### About this task
Transcribe the listing verbatim. Do not carry over any pictures.

### Data extract
━━━━━━━━━━━━━━━━
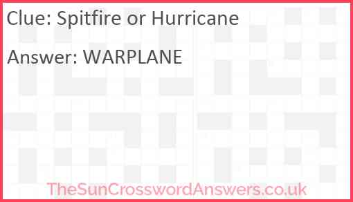 Spitfire or Hurricane is a crossword clue for which we have 1 possible answer and we have spotted 1 times in our database. This crossword clue was last seen on 19 August 2020 in The Sun Coffee Time Crossword puzzle!
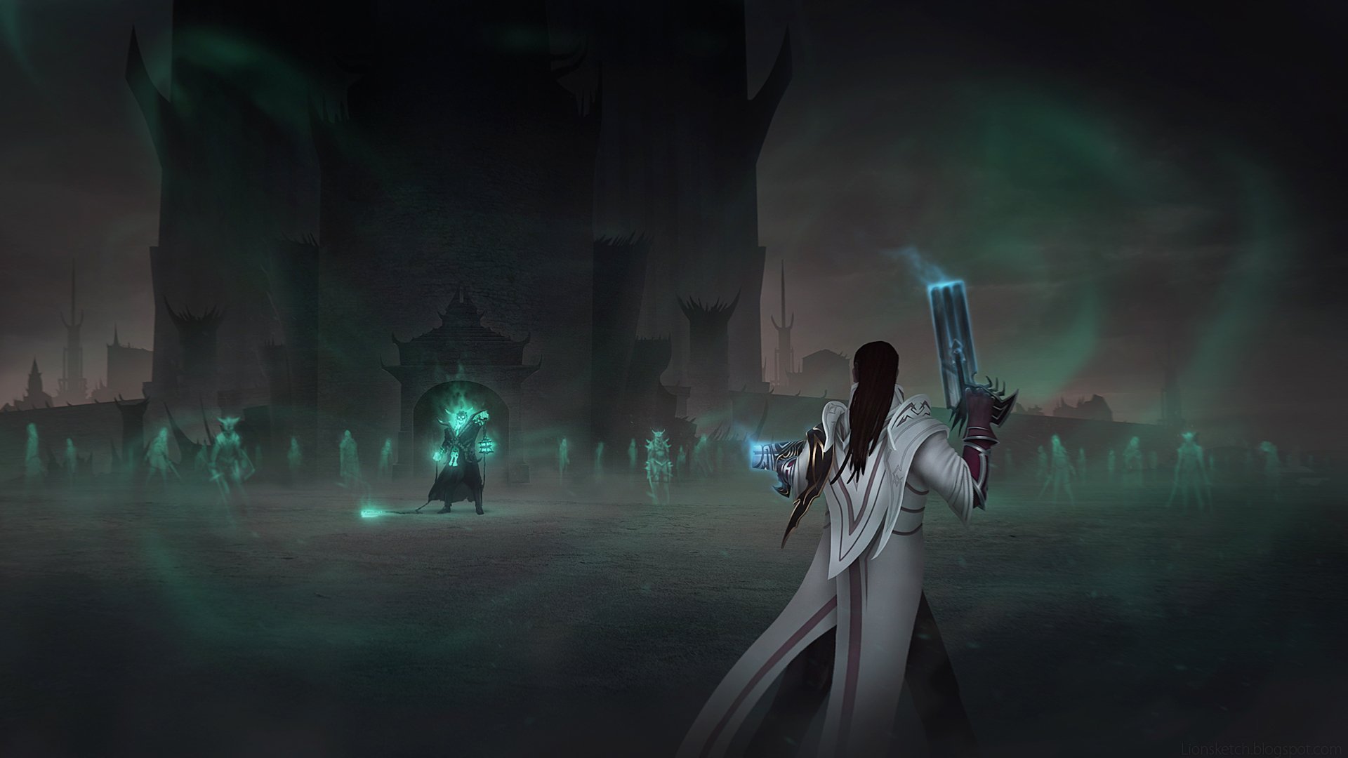 Description: A man holding a gun in a dark area with green lights on it and a castle in the background.
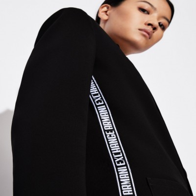 Il blazer da donna incontra l'athleisure e acquista carattere grazie al logo tape a contrasto applicato lateralmente. Il risultato è un riuscito mix di formale e sportswear, inedito e inconfondibile.
━━━━━━━━━━━━━━━━
### Answer section
 Spitfire or Hurricane is a crossword clue for which we have 1 possible answer and we have spotted 1 times in our database. This crossword clue was last seen on 19 August 2020 in The Sun Coffee Time Crossword puzzle!
 Description: A man holding a gun in a dark area with green lights on it and a castle in the background.
 Il blazer da donna incontra l'athleisure e acquista carattere grazie al logo tape a contrasto applicato lateralmente. Il risultato è un riuscito mix di formale e sportswear, inedito e inconfondibile.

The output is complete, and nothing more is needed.